Speaking or yelling, how do you tell the difference?
Public speaking is one of the things I dream about. It’s an art, and most certainly an acquired skill. You know it when you hear a great talk. And most of the time, we don’t hear it or see it. Why is that? Power Point slides. More often they are a poor excuse for a well-designed, engaging and informative talk. When did it become ok to slap up a power point slide and consider it sufficient to justify your presence on stage? I’m yelling, I know. Please tell a story.

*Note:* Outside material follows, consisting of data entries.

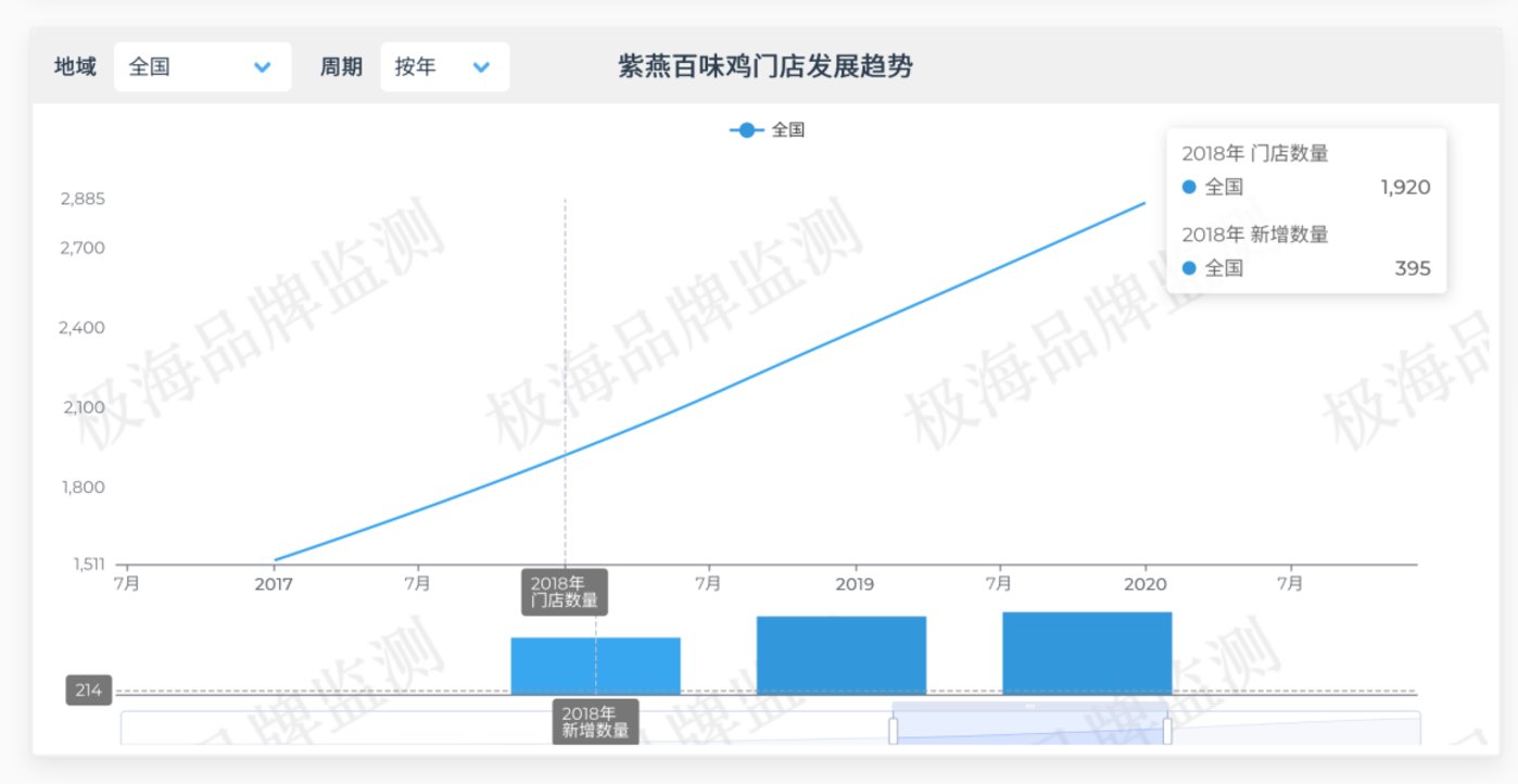 凭借着这种经销模式,紫燕食品一度实现迅猛扩张。极海品牌监测数据显示,2018 年,紫燕门店数量尚不足 2000 家。而据公司官网披露数据,到 2023 年末,紫燕门店数量在短短几年时间内已攀升至 6205 家。
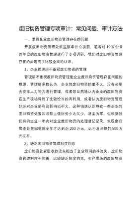 废旧物资管理专项审计:常见问题、审计方法.docx
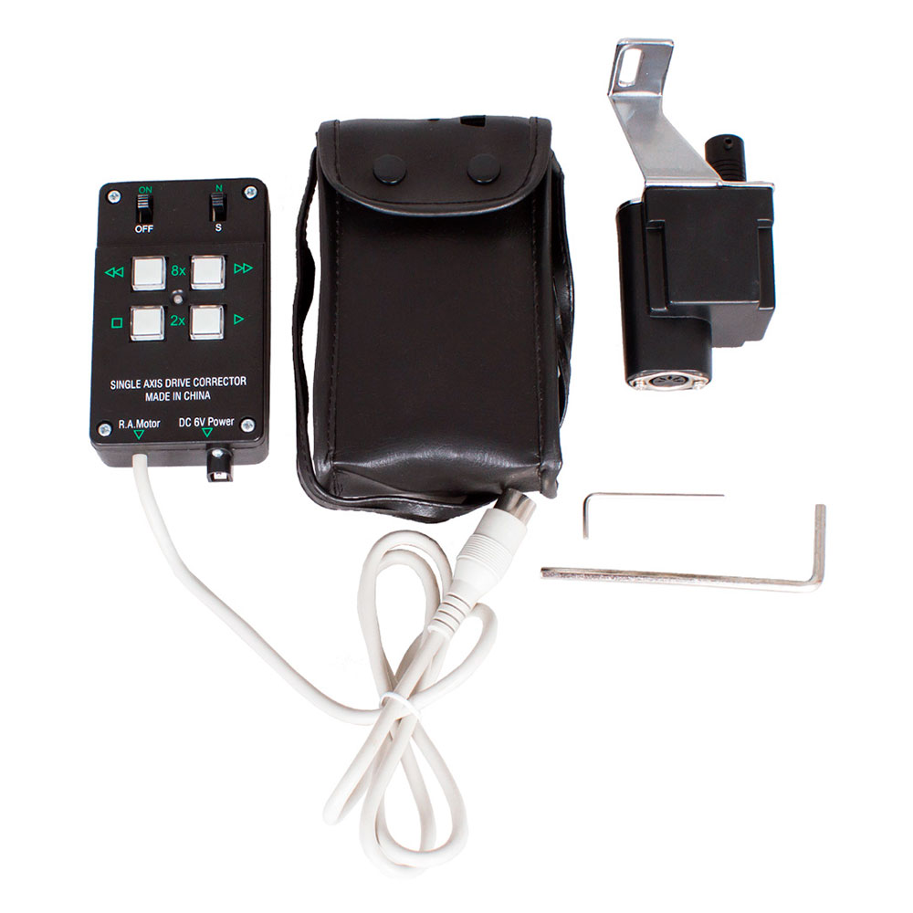 Варто відзначити, що користувачу доступна різна швидкість наведення: 1x, 2x та 8x від зіркової швидкості. Енергоживлення приводу здійснюється від 4 батарейок типорозміру D, які забезпечують до 20 годин роботи.

When I decided to write this column years ago, one of the promises I made to myself was to cover topics I was curious about. We have knowledgeable people living in Las Cruces, experts in diverse fields that I learn from. One of our best public speakers is Lowell Catlett. He’s like asprin. How does he know where to go and ease the pain of ignorance. He fascinates me. He has a voice as a story teller. No matter how you feel about Garrey Carruthers as NMSU’s President, by anyone’s measure, he is a good public speaker. These days most of his public speaking focuses on pressures facing the university. I never lose the opportunity to learn from a crisis. He’s a good speaker. We can learn here.
Written communication has a voice too, can you hear it? In a way, these articles are a form of public speaking. I use them to share what I am working on and thinking about. I study public speaking because I do it. I study public speaking because I have been at many public talks. One of my mentors told me to listen carefully to the voice that says I think I can do that better. She said go try it. Practice and learn to determine if you really are better.
Early on in my career I believed good public speaking was all about getting on stage. After one of my early talks I felt and sounded like an 11year old who had just learned to play the tuba. I did not belong on stage. I had no mastery of the art of public speaking. I began to study the speeches of great orators like Lincoln and Barbara Jordan. I never heard Lincoln’s voice, yet we know he wrote great speeches after years of practice. Congresswoman Barbara Jordan’s voice caught my ear the first time I heard her voice. It matched mine in delivery. She was direct, spoke loudly and got to the point. Sometimes she yelled. What was it about her voice that I wanted to emulate? She had a message, a point of view. She had a commanding presence. She also had a purpose. When she went to Congress she said during her first campaign, “I’m not going to Washington and turn things upside down in a day, I’ll only be one of 435. But the 434 will know I am there.”
For the past 12 years I have curated the International Symposium for Personal and Commercial Spaceflight (ISPCS). Every year I open the conference with a short talk. Academia would define this conference as my scholarly contribution to the field. People who travel across the globe to a conference are not interested in my scholarly contribution. They come to listen to the 40 speakers I have spent a year recruiting and preparing for their time on stage. They come to hear the story of the industry. All are leaders in the global space industry. The first speaker up on stage is me. I think about this talk all year long. I write it and edit my 8 minute talk constantly. An 8 minute talk is sixteen, 30 second commercials. If I have a message can I tell a story and hang sixteen thirty second commercials together? Lincoln’s Gettysburg address can be delivered in less than three minutes.
The conference is the story I want to tell this year. Yes, I must have mastery over my field of knowledge. There is a vision for what I want my audience to experience for the two days they are with us. This vision is embedded in every talk and session. The story of how we constructed the show is what they want to hear from me. My job is to tell them how the pieces of the day fit together and why each speaker and session is important to the story we are telling this year. The title of the story is We Will Not Stop. This theme is the main message we ask each speaker to address. This is an election year. The commercial approach to what was once an exclusive government industry will not stop regardless of who is elected. That is the message. I want the audience to know it’s my voice that created the theme and that’s why I speak. It’s why I do the conference. I hope the audience will remember me and my message. Thank goodness I am one of many speakers. The voice is louder, so I don’t have to yell.